> **Records supplied**

===============

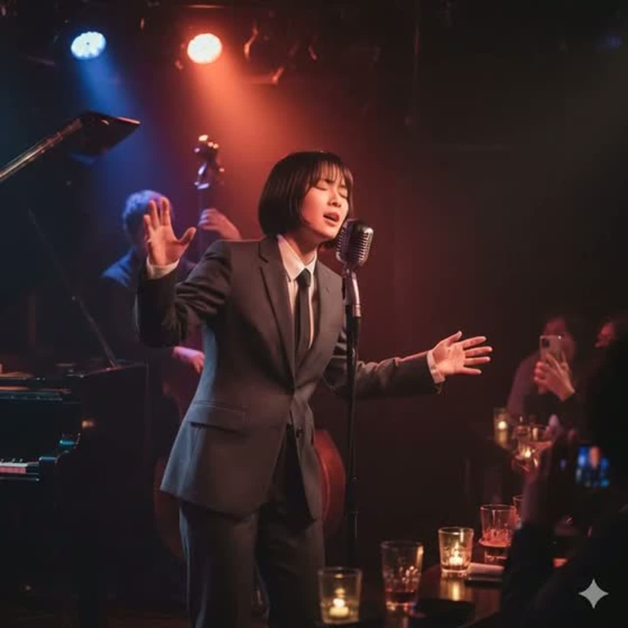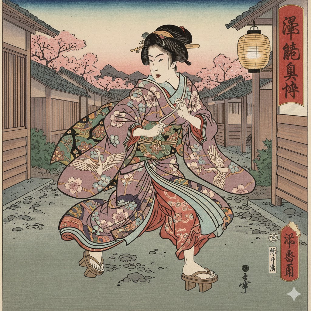 A cute female vocalist singing in soft Kyoto dialect, blending a charming kawaii tone with light and elegant city-jazz vibes, A lively fusion of modern jazz grooves with traditional Japanese instruments such as koto, shamisen, and wadaiko, Graceful, airy, slightly playful, and sweetly refined—an upbeat and stylish wa-inspired city jazz
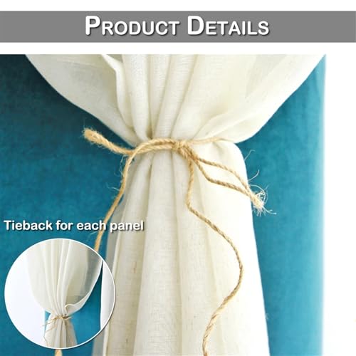 ATEUXOL Pergola Curtain Cream Flax Yarn Linen Window Drapes Patio Outdoor Voile Sheer Curtains Panel Party Wedding Decor Rod Pocket Pergola Net Curtains(2 Panels,130x100cm)
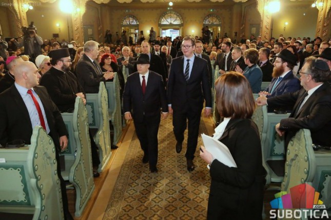- Sinagogi je vraćen sjaj, a jevrejskoj zajednici dug za veliki doprinos razvoju Evrope i sveta. Srbi i Mađari već žive zajedno u Subotici, a danas šaljemo poruku da je ovo Evropa u kojoj želimo da živimo - u miru i bezbednosti svi zajedno – poručio je Orban. - Svi narodi Evrope žive na temeljima jevrejske i hrišćanske vere i želimo i dalje žele da živimo u Evropi u kojoj postoji sloboda vere, nacije i jezika. U svetu i dalje postoje mesta gde su ljudi proganjani i gde se ne obnavlja već se ruši, ali sam ponosan na versku tradiciju Evrope koja gaji toleranciju.
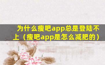 为什么瘦吧app总是登陆不上(瘦吧app是怎么减肥的)
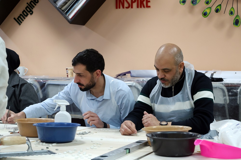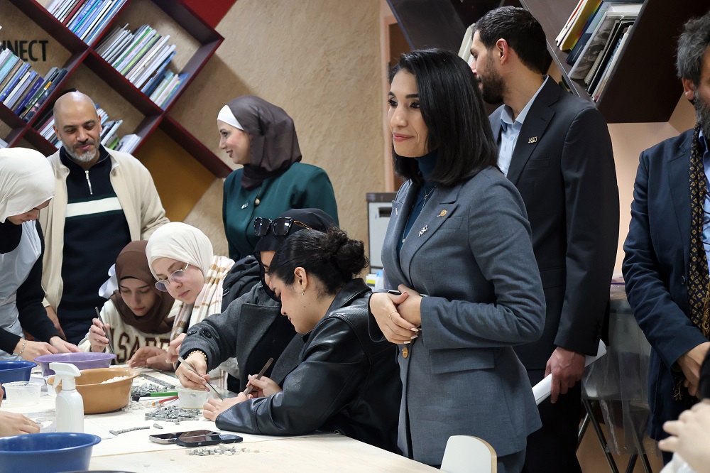 The Faculty of Art and Design at Applied Science Private University organized a specialized workshop in mosaic art, during which a collection of mosaic artworks is being created to decorate several entrances of the Faculty. This initiative aims to enhance the aesthetic appeal of the space while reflecting its artistic identity and spirit.
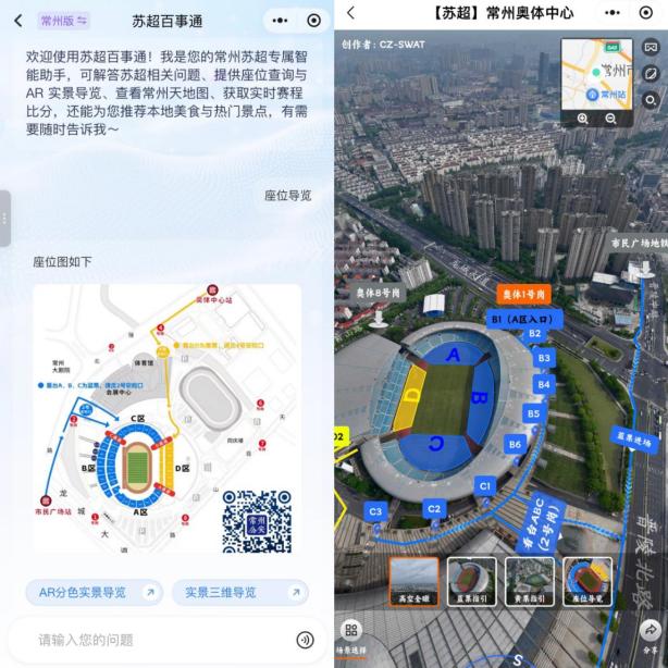 比赛开始前,不少外地球迷照着手机小程序里的座位引导,很快就找到了自己的座位。“我第一次来常州奥体,本来以为座位不好找,没想到一个小程序就能搞定,还给我推荐了常州的萝卜干、银丝面馆,太贴心了。”一位来自苏州的球迷一边展示着手机上的“灵犀·晓伴”苏超百事通,一边满意地点头说道,“这下看球、逛吃两不误了。”

===============

> **What you need to do**
The answer must consist solely of the lines from the one with "The Faculty of" through the final line of the data, each reproduced exactly and with pictures omitted.

> **The answer**
 The Faculty of Art and Design at Applied Science Private University organized a specialized workshop in mosaic art, during which a collection of mosaic artworks is being created to decorate several entrances of the Faculty. This initiative aims to enhance the aesthetic appeal of the space while reflecting its artistic identity and spirit.
 比赛开始前,不少外地球迷照着手机小程序里的座位引导,很快就找到了自己的座位。“我第一次来常州奥体,本来以为座位不好找,没想到一个小程序就能搞定,还给我推荐了常州的萝卜干、银丝面馆,太贴心了。”一位来自苏州的球迷一边展示着手机上的“灵犀·晓伴”苏超百事通,一边满意地点头说道,“这下看球、逛吃两不误了。”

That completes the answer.